Please retype the entries exactly as they stand, leaving out any pictures.

[Data provided Boundary: Start]

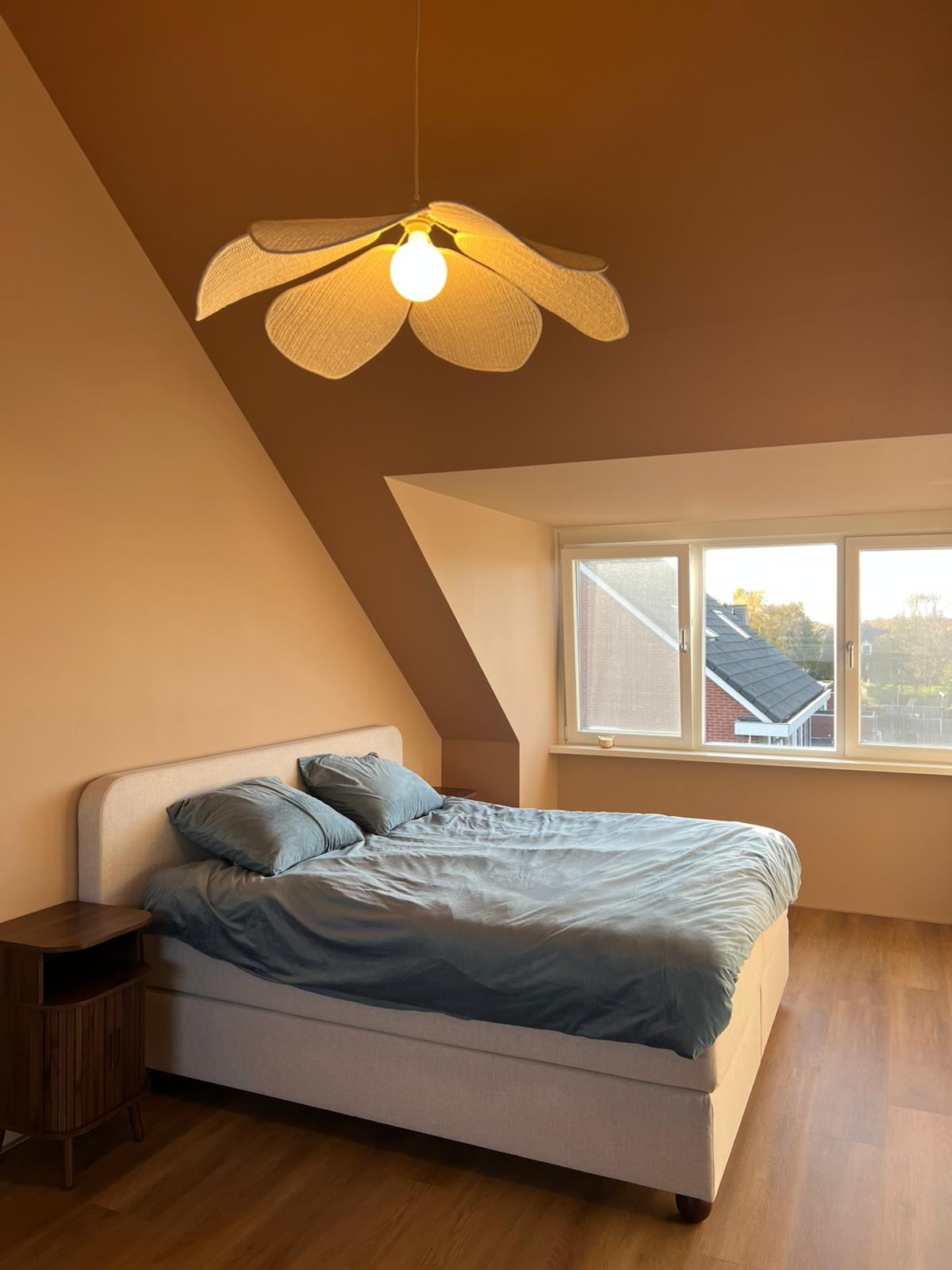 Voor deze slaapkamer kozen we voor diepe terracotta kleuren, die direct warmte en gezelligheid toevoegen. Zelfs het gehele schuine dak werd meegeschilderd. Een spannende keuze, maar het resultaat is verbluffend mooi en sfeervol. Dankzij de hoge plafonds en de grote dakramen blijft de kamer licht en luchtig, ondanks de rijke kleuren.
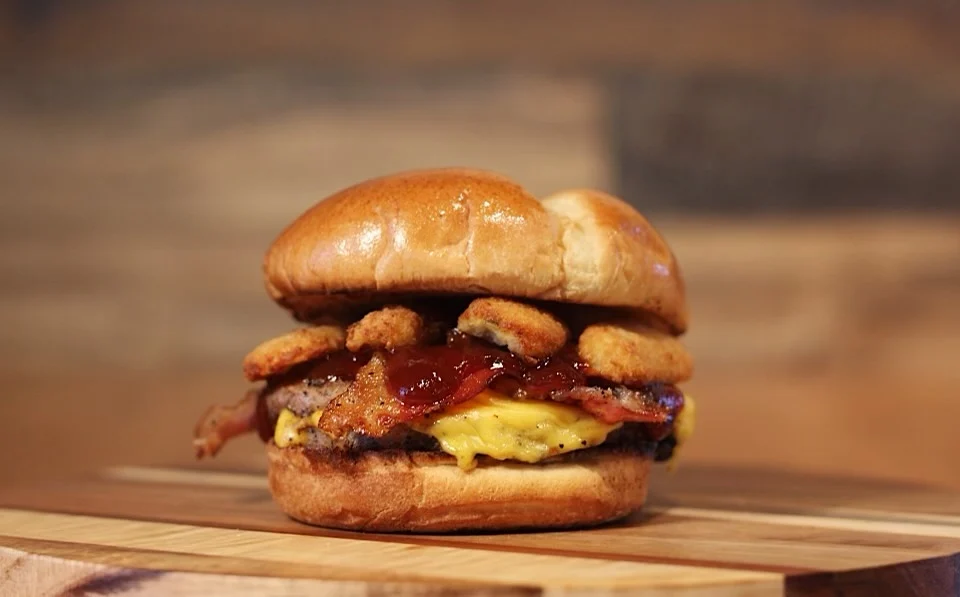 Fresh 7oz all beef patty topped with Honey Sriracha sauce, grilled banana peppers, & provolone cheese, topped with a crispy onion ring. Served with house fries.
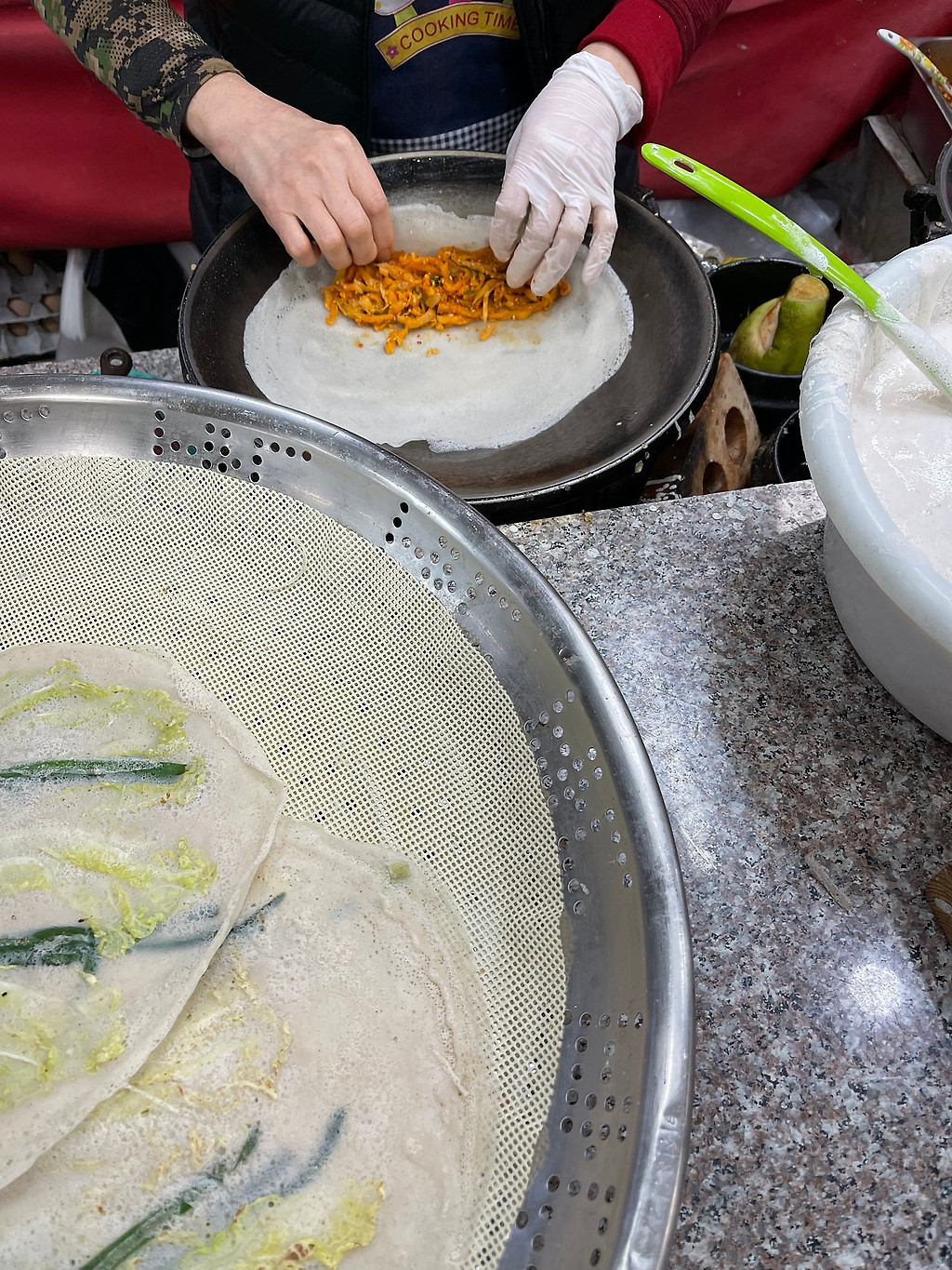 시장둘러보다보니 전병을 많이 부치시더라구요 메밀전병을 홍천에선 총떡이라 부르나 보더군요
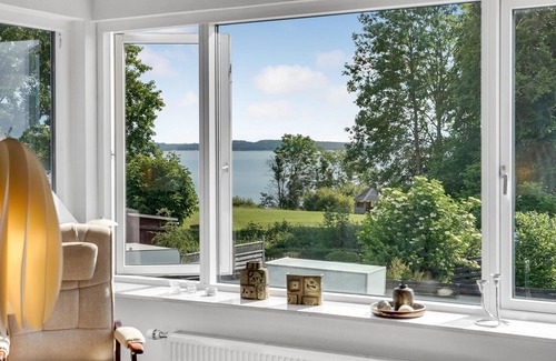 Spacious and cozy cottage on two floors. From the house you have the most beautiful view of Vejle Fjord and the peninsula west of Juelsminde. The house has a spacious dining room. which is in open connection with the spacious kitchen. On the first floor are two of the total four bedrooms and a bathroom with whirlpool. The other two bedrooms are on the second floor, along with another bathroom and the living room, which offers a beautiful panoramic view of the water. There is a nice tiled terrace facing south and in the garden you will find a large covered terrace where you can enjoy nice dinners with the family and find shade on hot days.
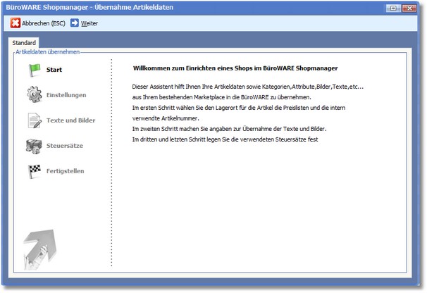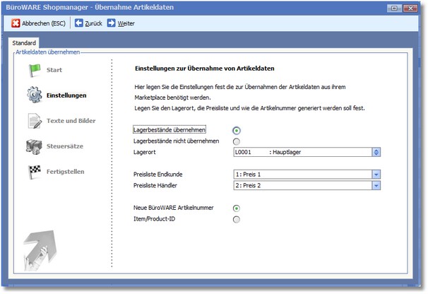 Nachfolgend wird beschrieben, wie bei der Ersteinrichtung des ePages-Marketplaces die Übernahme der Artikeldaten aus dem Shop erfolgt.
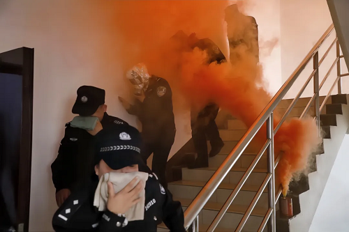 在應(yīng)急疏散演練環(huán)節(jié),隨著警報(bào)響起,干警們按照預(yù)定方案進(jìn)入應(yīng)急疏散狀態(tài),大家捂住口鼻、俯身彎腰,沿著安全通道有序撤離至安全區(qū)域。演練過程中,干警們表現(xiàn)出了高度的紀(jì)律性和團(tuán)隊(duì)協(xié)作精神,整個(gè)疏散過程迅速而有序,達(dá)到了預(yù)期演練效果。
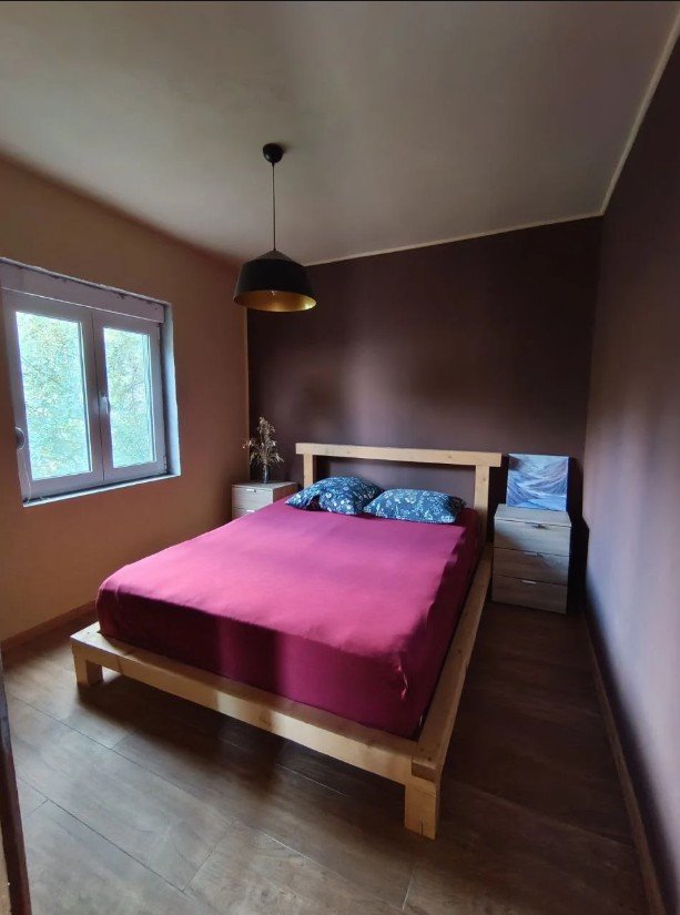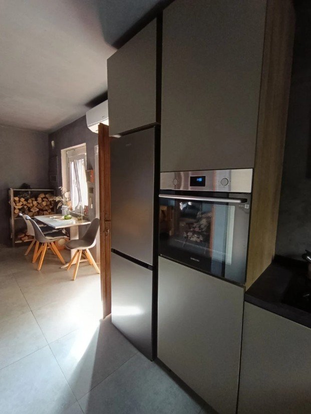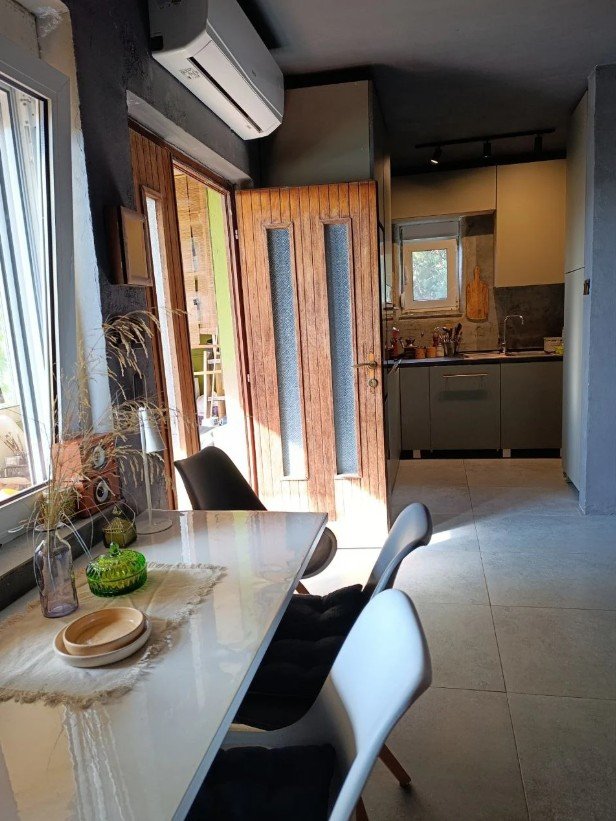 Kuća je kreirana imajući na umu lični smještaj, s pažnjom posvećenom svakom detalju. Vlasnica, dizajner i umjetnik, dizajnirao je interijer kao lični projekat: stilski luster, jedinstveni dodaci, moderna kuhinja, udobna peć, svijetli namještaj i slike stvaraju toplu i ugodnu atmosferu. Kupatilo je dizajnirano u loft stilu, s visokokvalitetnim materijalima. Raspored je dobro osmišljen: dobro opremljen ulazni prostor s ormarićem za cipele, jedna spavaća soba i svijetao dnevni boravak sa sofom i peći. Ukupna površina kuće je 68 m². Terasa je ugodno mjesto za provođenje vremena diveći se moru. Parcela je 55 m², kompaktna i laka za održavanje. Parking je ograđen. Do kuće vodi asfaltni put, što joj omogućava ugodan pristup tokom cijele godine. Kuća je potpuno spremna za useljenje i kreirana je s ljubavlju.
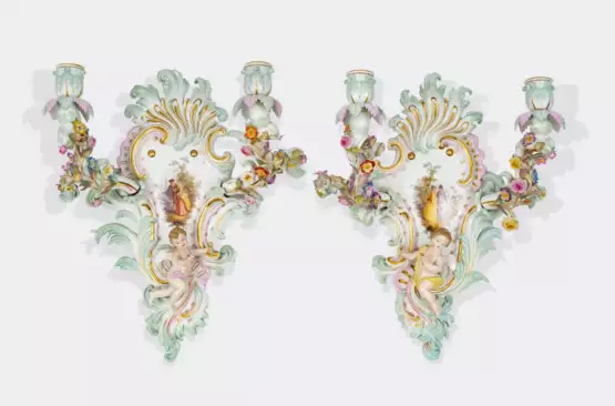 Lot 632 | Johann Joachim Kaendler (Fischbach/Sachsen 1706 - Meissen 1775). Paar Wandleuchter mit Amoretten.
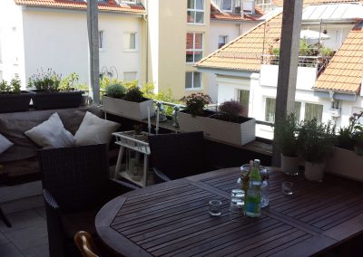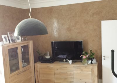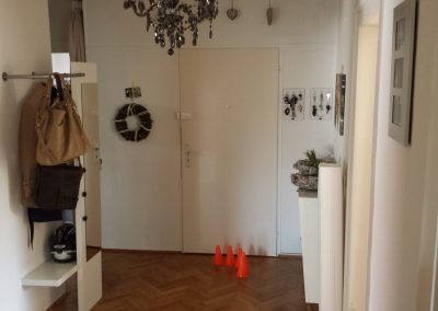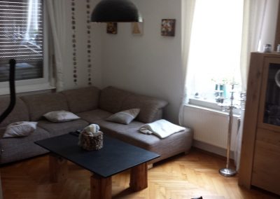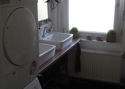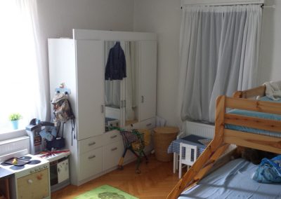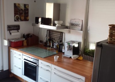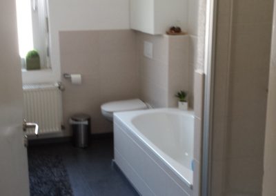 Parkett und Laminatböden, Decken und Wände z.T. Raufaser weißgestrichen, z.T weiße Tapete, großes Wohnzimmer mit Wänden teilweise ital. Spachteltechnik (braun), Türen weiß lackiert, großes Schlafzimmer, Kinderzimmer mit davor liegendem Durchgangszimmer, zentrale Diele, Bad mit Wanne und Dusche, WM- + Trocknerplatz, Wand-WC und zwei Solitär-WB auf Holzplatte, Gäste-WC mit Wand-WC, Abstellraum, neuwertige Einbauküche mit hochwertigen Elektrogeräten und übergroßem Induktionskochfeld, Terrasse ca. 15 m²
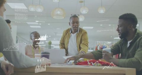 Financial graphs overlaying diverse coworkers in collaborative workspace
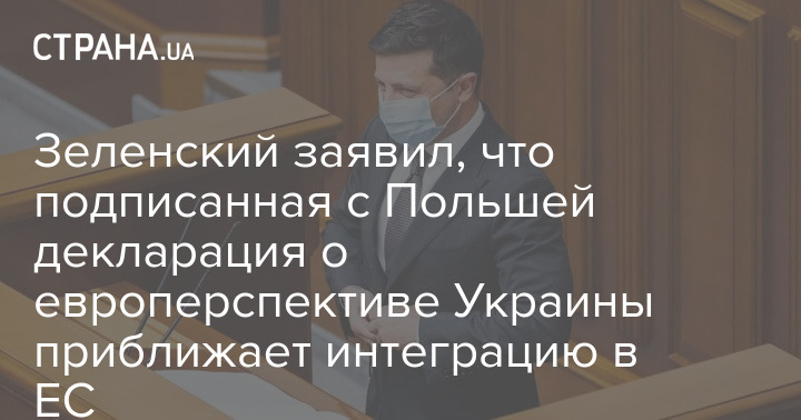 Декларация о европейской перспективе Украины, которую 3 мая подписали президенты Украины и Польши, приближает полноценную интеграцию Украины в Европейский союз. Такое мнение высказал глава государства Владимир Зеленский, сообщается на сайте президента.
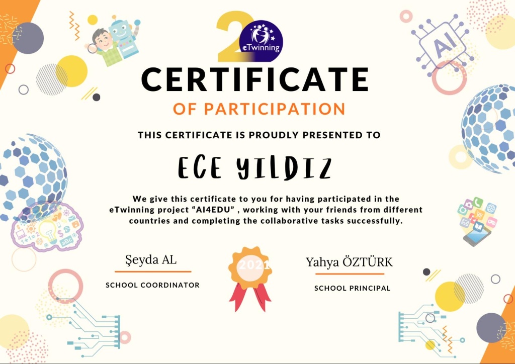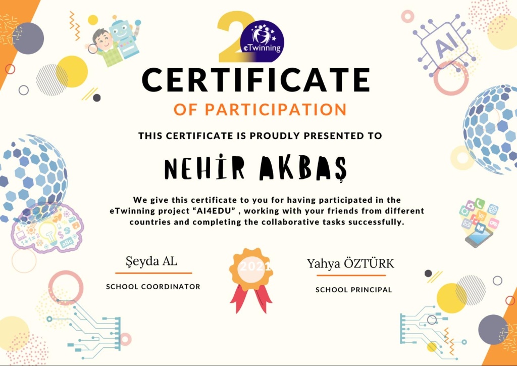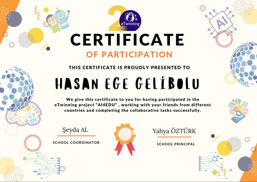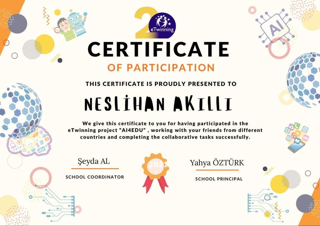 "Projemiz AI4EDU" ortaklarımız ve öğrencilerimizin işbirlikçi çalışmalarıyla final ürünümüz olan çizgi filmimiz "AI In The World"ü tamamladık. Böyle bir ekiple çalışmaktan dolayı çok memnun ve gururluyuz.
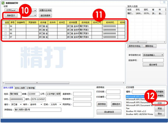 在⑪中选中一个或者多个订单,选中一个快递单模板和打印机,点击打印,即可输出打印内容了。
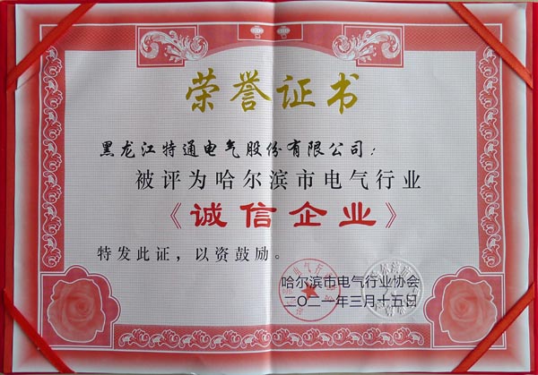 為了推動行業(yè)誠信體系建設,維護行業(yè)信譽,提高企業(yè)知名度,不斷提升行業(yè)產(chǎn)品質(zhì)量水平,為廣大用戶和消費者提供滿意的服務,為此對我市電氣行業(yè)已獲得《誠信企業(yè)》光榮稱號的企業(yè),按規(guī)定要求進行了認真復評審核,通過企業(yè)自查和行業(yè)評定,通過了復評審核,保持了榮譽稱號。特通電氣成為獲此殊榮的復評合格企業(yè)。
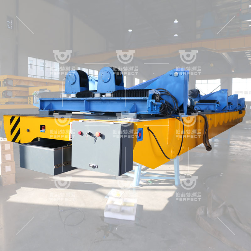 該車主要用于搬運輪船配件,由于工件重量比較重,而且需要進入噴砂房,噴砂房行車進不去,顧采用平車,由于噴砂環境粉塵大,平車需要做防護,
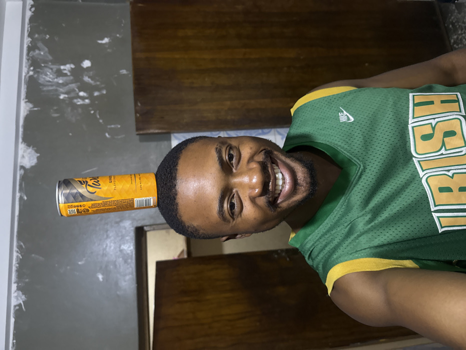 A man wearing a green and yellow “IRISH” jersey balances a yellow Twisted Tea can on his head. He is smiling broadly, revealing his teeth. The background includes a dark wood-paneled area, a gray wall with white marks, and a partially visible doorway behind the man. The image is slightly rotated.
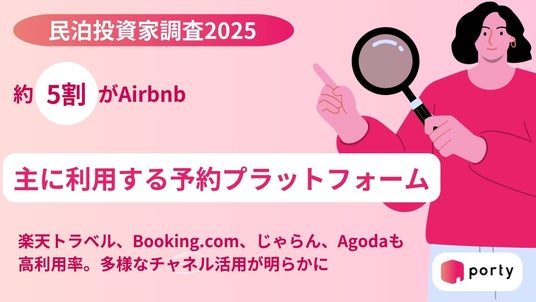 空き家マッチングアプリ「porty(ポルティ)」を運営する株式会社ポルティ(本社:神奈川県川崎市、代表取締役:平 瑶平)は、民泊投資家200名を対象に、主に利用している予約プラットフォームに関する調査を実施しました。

[Data provided Boundary: End]

= Output below =
 Voor deze slaapkamer kozen we voor diepe terracotta kleuren, die direct warmte en gezelligheid toevoegen. Zelfs het gehele schuine dak werd meegeschilderd. Een spannende keuze, maar het resultaat is verbluffend mooi en sfeervol. Dankzij de hoge plafonds en de grote dakramen blijft de kamer licht en luchtig, ondanks de rijke kleuren.
 Fresh 7oz all beef patty topped with Honey Sriracha sauce, grilled banana peppers, & provolone cheese, topped with a crispy onion ring. Served with house fries.
 시장둘러보다보니 전병을 많이 부치시더라구요 메밀전병을 홍천에선 총떡이라 부르나 보더군요
 Spacious and cozy cottage on two floors. From the house you have the most beautiful view of Vejle Fjord and the peninsula west of Juelsminde. The house has a spacious dining room. which is in open connection with the spacious kitchen. On the first floor are two of the total four bedrooms and a bathroom with whirlpool. The other two bedrooms are on the second floor, along with another bathroom and the living room, which offers a beautiful panoramic view of the water. There is a nice tiled terrace facing south and in the garden you will find a large covered terrace where you can enjoy nice dinners with the family and find shade on hot days.
 Nachfolgend wird beschrieben, wie bei der Ersteinrichtung des ePages-Marketplaces die Übernahme der Artikeldaten aus dem Shop erfolgt.
 在應(yīng)急疏散演練環(huán)節(jié),隨著警報(bào)響起,干警們按照預(yù)定方案進(jìn)入應(yīng)急疏散狀態(tài),大家捂住口鼻、俯身彎腰,沿著安全通道有序撤離至安全區(qū)域。演練過程中,干警們表現(xiàn)出了高度的紀(jì)律性和團(tuán)隊(duì)協(xié)作精神,整個(gè)疏散過程迅速而有序,達(dá)到了預(yù)期演練效果。
 Kuća je kreirana imajući na umu lični smještaj, s pažnjom posvećenom svakom detalju. Vlasnica, dizajner i umjetnik, dizajnirao je interijer kao lični projekat: stilski luster, jedinstveni dodaci, moderna kuhinja, udobna peć, svijetli namještaj i slike stvaraju toplu i ugodnu atmosferu. Kupatilo je dizajnirano u loft stilu, s visokokvalitetnim materijalima. Raspored je dobro osmišljen: dobro opremljen ulazni prostor s ormarićem za cipele, jedna spavaća soba i svijetao dnevni boravak sa sofom i peći. Ukupna površina kuće je 68 m². Terasa je ugodno mjesto za provođenje vremena diveći se moru. Parcela je 55 m², kompaktna i laka za održavanje. Parking je ograđen. Do kuće vodi asfaltni put, što joj omogućava ugodan pristup tokom cijele godine. Kuća je potpuno spremna za useljenje i kreirana je s ljubavlju.
 Lot 632 | Johann Joachim Kaendler (Fischbach/Sachsen 1706 - Meissen 1775). Paar Wandleuchter mit Amoretten.
 Parkett und Laminatböden, Decken und Wände z.T. Raufaser weißgestrichen, z.T weiße Tapete, großes Wohnzimmer mit Wänden teilweise ital. Spachteltechnik (braun), Türen weiß lackiert, großes Schlafzimmer, Kinderzimmer mit davor liegendem Durchgangszimmer, zentrale Diele, Bad mit Wanne und Dusche, WM- + Trocknerplatz, Wand-WC und zwei Solitär-WB auf Holzplatte, Gäste-WC mit Wand-WC, Abstellraum, neuwertige Einbauküche mit hochwertigen Elektrogeräten und übergroßem Induktionskochfeld, Terrasse ca. 15 m²
 Financial graphs overlaying diverse coworkers in collaborative workspace
 Декларация о европейской перспективе Украины, которую 3 мая подписали президенты Украины и Польши, приближает полноценную интеграцию Украины в Европейский союз. Такое мнение высказал глава государства Владимир Зеленский, сообщается на сайте президента.
 "Projemiz AI4EDU" ortaklarımız ve öğrencilerimizin işbirlikçi çalışmalarıyla final ürünümüz olan çizgi filmimiz "AI In The World"ü tamamladık. Böyle bir ekiple çalışmaktan dolayı çok memnun ve gururluyuz.
 在⑪中选中一个或者多个订单,选中一个快递单模板和打印机,点击打印,即可输出打印内容了。
 為了推動行業(yè)誠信體系建設,維護行業(yè)信譽,提高企業(yè)知名度,不斷提升行業(yè)產(chǎn)品質(zhì)量水平,為廣大用戶和消費者提供滿意的服務,為此對我市電氣行業(yè)已獲得《誠信企業(yè)》光榮稱號的企業(yè),按規(guī)定要求進行了認真復評審核,通過企業(yè)自查和行業(yè)評定,通過了復評審核,保持了榮譽稱號。特通電氣成為獲此殊榮的復評合格企業(yè)。
 該車主要用于搬運輪船配件,由于工件重量比較重,而且需要進入噴砂房,噴砂房行車進不去,顧采用平車,由于噴砂環境粉塵大,平車需要做防護,
 A man wearing a green and yellow “IRISH” jersey balances a yellow Twisted Tea can on his head. He is smiling broadly, revealing his teeth. The background includes a dark wood-paneled area, a gray wall with white marks, and a partially visible doorway behind the man. The image is slightly rotated.
 空き家マッチングアプリ「porty(ポルティ)」を運営する株式会社ポルティ(本社:神奈川県川崎市、代表取締役:平 瑶平)は、民泊投資家200名を対象に、主に利用している予約プラットフォームに関する調査を実施しました。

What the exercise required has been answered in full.